◆ Exercise description ◆
The answer must reproduce every record exactly, with all pictures omitted.

[Extracted records]
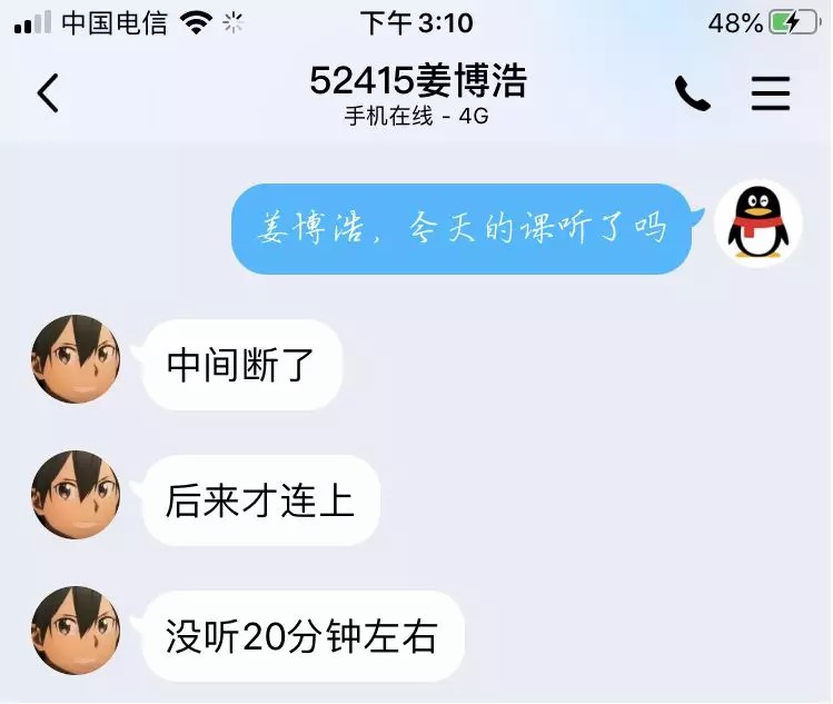 現(xiàn)在采取的處理方式是多樣性的選擇,做多個(gè)預(yù)案。比如,選擇多個(gè)直播平臺(tái)和軟件進(jìn)行嘗試。我使用了例如QQ課堂直播手段作為學(xué)習(xí)通的備用方案,一旦出現(xiàn)問題,及時(shí)啟動(dòng)解決。從現(xiàn)在的實(shí)踐情況來(lái)看,取得了不錯(cuò)的效果,同學(xué)反饋很好。
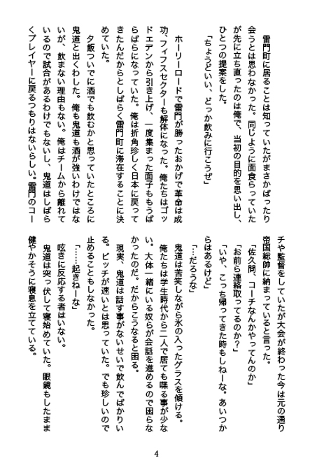 | 「酒と源田と鬼道と不動。」 |  | コピー本。R18/A5/P30/200円/2011,7,17発刊(在庫あり) 大学生きどふど。サッカーは全然でてこない。 源田がめっちゃいいやつで明王と仲良しだったら萌える、という妄想からできた話。別の見所:コピ本だけど無線綴じ。 |
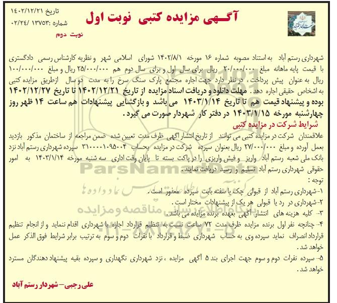 شهرداری رستم آباد به استناد مصوبه شماره 16 مورخه 1402.8.1 شورای اسلامی شهر و نظریه کارشناس رسمی دادگستری با قیمت پایه ماهانه مبلغ 20.000.000 ریال برای سال اول و برای سال دوم هم 25.000.000 ریال و مبلغ 100.000.000 ریال به عنوان پیش پرداخت، در نظر دارد جهت اجاره مجتمع پارک سنگ سرخ را به مدت دو سال از طریق مزایده کتبی به اشخاص حقیقی اجاره دهد. مهلت دانلود و دریافت اسناد مزایده از تاریخ 1402.12.21 تا تاریخ 1402.12.27 بوده و پیشنهاد قیمت هم تا تاریخ 1403.1.14 میباشد و بازگشایی پیشنهادات هم ساعت 14 ظهر روز چهارشنبه مورخه 1403.1.15 در دفتر کار شهردار صورت می گیرد.
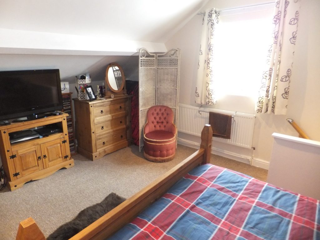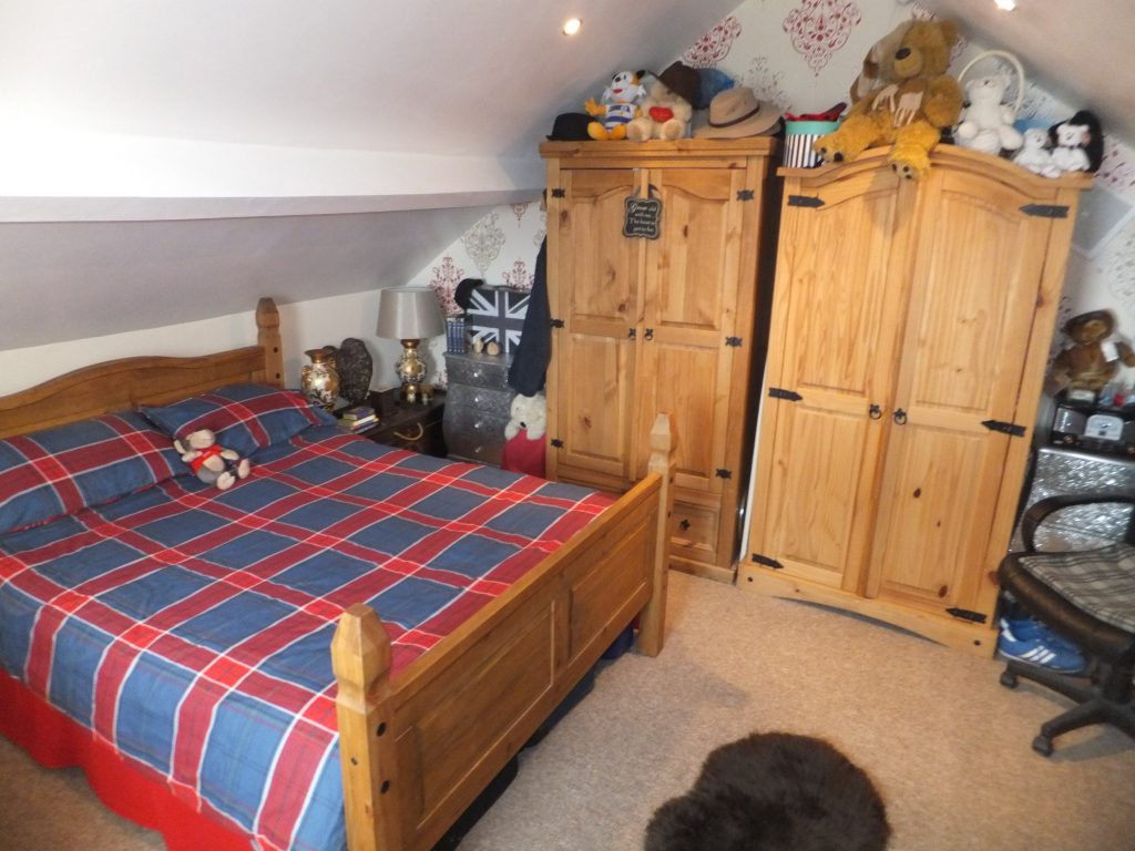 With UPVC double glazed window to the side, radiator, power points, TV aerial point and ceiling spot lights. The ceiling of this room follows the roof line of the property and is currently being used as the master bedroom.
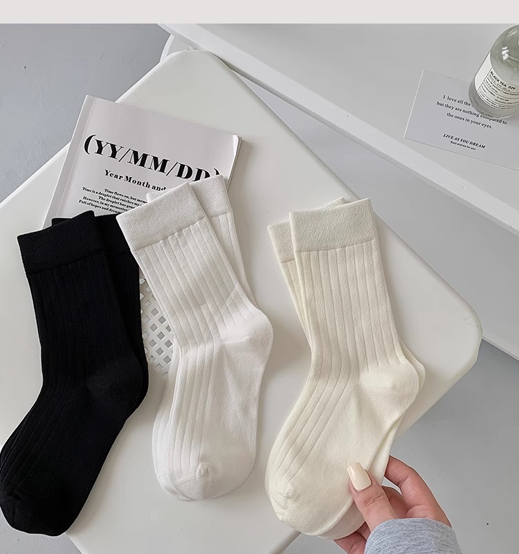 수직 스트라이프 양말 여성용 Ins 트렌디 한 올매치 하이 컬러 값 모리 스타일 양말 가을 학생 학교 필요한 포장 양말스토어 가기
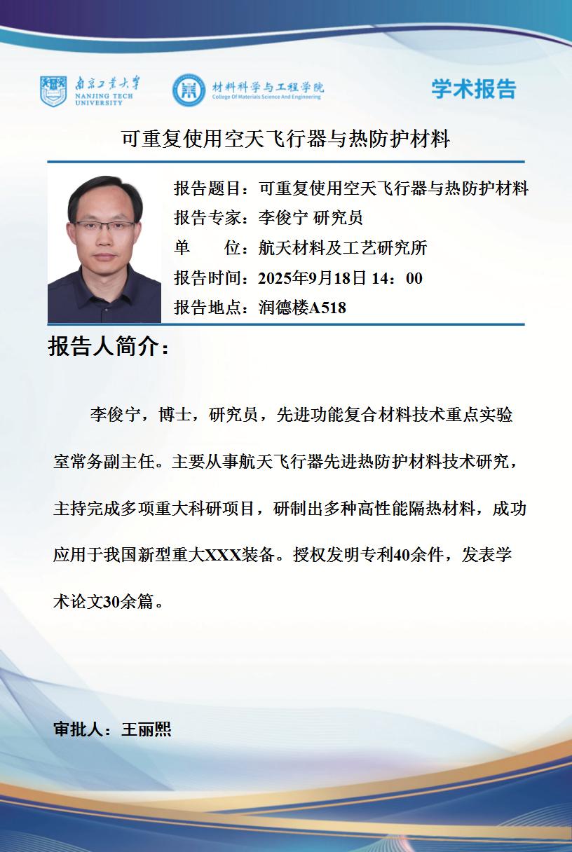 【学术报告】李俊宁研究员:可重复使用空天飞行器与热防护材料
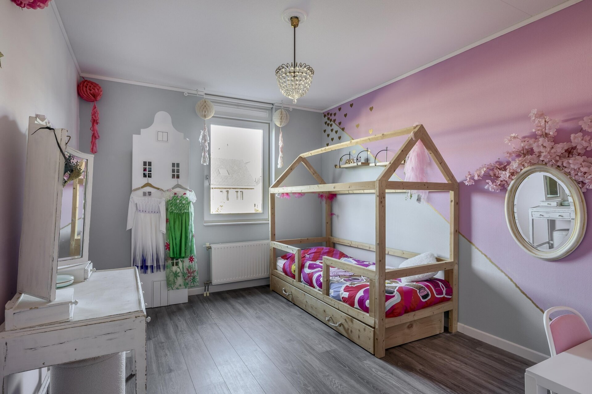 Verspreid over de bovenverdiepingen vind je vijf goed bemeten slaapkamers. De grootste slaapkamer is ruim genoeg voor een kingsize bed én een grote inloopkast. De overige vier kamers zijn stuk voor stuk licht en praktisch in te delen – ideaal als kinderkamer, logeerkamer, werkkamer of hobbyruimte. De badkamer is netjes en compleet, en biedt alles wat je nodig hebt.
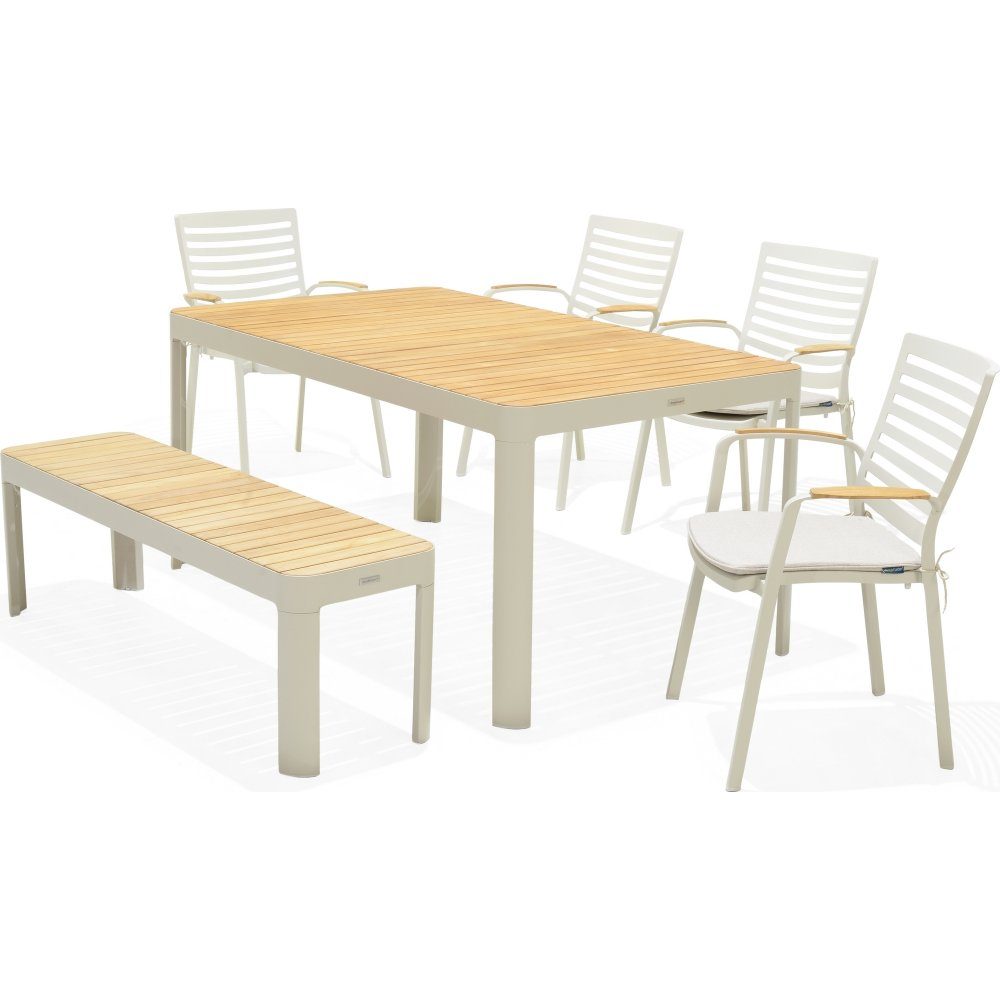 Matgrupp med 1 st matbord (161x95 cm), 1 st sittbänk och 4 st staplingsbara matstolar.

◆ Output for this exercise ◆
 現(xiàn)在采取的處理方式是多樣性的選擇,做多個(gè)預(yù)案。比如,選擇多個(gè)直播平臺(tái)和軟件進(jìn)行嘗試。我使用了例如QQ課堂直播手段作為學(xué)習(xí)通的備用方案,一旦出現(xiàn)問題,及時(shí)啟動(dòng)解決。從現(xiàn)在的實(shí)踐情況來(lái)看,取得了不錯(cuò)的效果,同學(xué)反饋很好。
 | 「酒と源田と鬼道と不動。」 |  | コピー本。R18/A5/P30/200円/2011,7,17発刊(在庫あり) 大学生きどふど。サッカーは全然でてこない。 源田がめっちゃいいやつで明王と仲良しだったら萌える、という妄想からできた話。別の見所:コピ本だけど無線綴じ。 |
 شهرداری رستم آباد به استناد مصوبه شماره 16 مورخه 1402.8.1 شورای اسلامی شهر و نظریه کارشناس رسمی دادگستری با قیمت پایه ماهانه مبلغ 20.000.000 ریال برای سال اول و برای سال دوم هم 25.000.000 ریال و مبلغ 100.000.000 ریال به عنوان پیش پرداخت، در نظر دارد جهت اجاره مجتمع پارک سنگ سرخ را به مدت دو سال از طریق مزایده کتبی به اشخاص حقیقی اجاره دهد. مهلت دانلود و دریافت اسناد مزایده از تاریخ 1402.12.21 تا تاریخ 1402.12.27 بوده و پیشنهاد قیمت هم تا تاریخ 1403.1.14 میباشد و بازگشایی پیشنهادات هم ساعت 14 ظهر روز چهارشنبه مورخه 1403.1.15 در دفتر کار شهردار صورت می گیرد.
 With UPVC double glazed window to the side, radiator, power points, TV aerial point and ceiling spot lights. The ceiling of this room follows the roof line of the property and is currently being used as the master bedroom.
 수직 스트라이프 양말 여성용 Ins 트렌디 한 올매치 하이 컬러 값 모리 스타일 양말 가을 학생 학교 필요한 포장 양말스토어 가기
 【学术报告】李俊宁研究员:可重复使用空天飞行器与热防护材料
 Verspreid over de bovenverdiepingen vind je vijf goed bemeten slaapkamers. De grootste slaapkamer is ruim genoeg voor een kingsize bed én een grote inloopkast. De overige vier kamers zijn stuk voor stuk licht en praktisch in te delen – ideaal als kinderkamer, logeerkamer, werkkamer of hobbyruimte. De badkamer is netjes en compleet, en biedt alles wat je nodig hebt.
 Matgrupp med 1 st matbord (161x95 cm), 1 st sittbänk och 4 st staplingsbara matstolar.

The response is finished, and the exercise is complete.